Megan Nolan on Her Compelling Debut Novel About Toxic Love :

Megan Nolan on Her Compelling Debut Novel About Toxic Love


It is not easy to describe
Acts of Desperation
,
Megan Nolan’s brilliant and much-anticipated debut novel. I have seen it billed variously as a love story, an anti-love story, a millennial novel, a novel about being young, about addictive, destructive behaviour and about abuse. But like the essays and criticism for
New Statesman, Observer and
The New York Times for which Nolan has already gained a following, this is a story handled with a nuance that evades easy categorisation.
Told in first-person, with the main narrative interspersed with reflections from a later-day Athens, it’s a compulsive novel, like watching something burn.
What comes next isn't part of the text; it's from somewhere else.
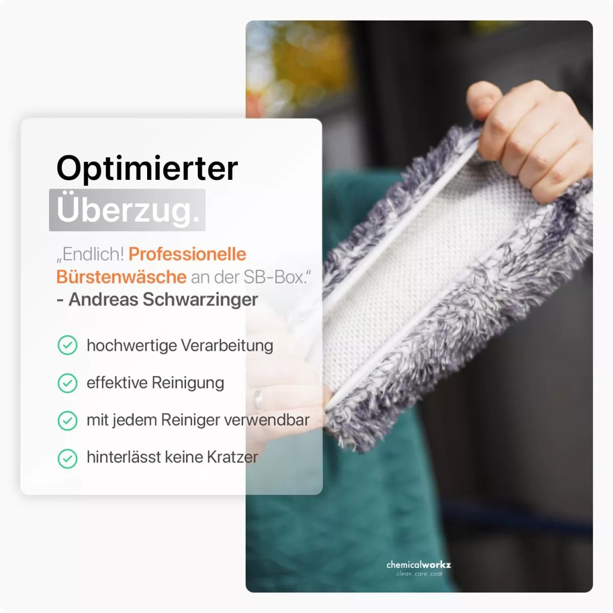 Das neue chemicalworkz Wash Brush Cover V2 ist ab sofort erhältlich und wurde weiterentwickelt, um eine noch präzisere Passform für Bürsten zu gewährleisten. Der optimierte Viskose-Einsatz im Inneren verhindert effektiv das Durchdringen der Borsten während des Waschens. Das Cover besteht aus hochwertigen, langen Plüsch-Mikrofasern, die Schmutz schonend und gründlich entfernen. Dank des integrierten Gummizugs lässt sich der Überzug mühelos anbringen. Mit dem chemicalworkz Wash Brush Cover V2 wird das Risiko von Kratzern durch eingeschlossene Schmutzpartikel in den Bürsten nochmals deutlich minimiert.

Early on the unnamed narrator meets Ciaran, who is beautiful, but also distant, with a propensity for capricious cruelty. After a brief breakup (he reunites with his ex-girlfriend), they move in quickly and her world contracts. What follows is a deft exploration of power, coercion and passivity, propelled by the narrator’s own concentrated desire. She labours over meals, bakes cakes, washes clothes, scrubs toilets with a kind of frenzied desperation, creating, “a lively play of domesticity too loud to hear anything over.” “If he got something out of me, I was taking something from him, too,” she tells us. “I was taking away his ability to live without me easily.”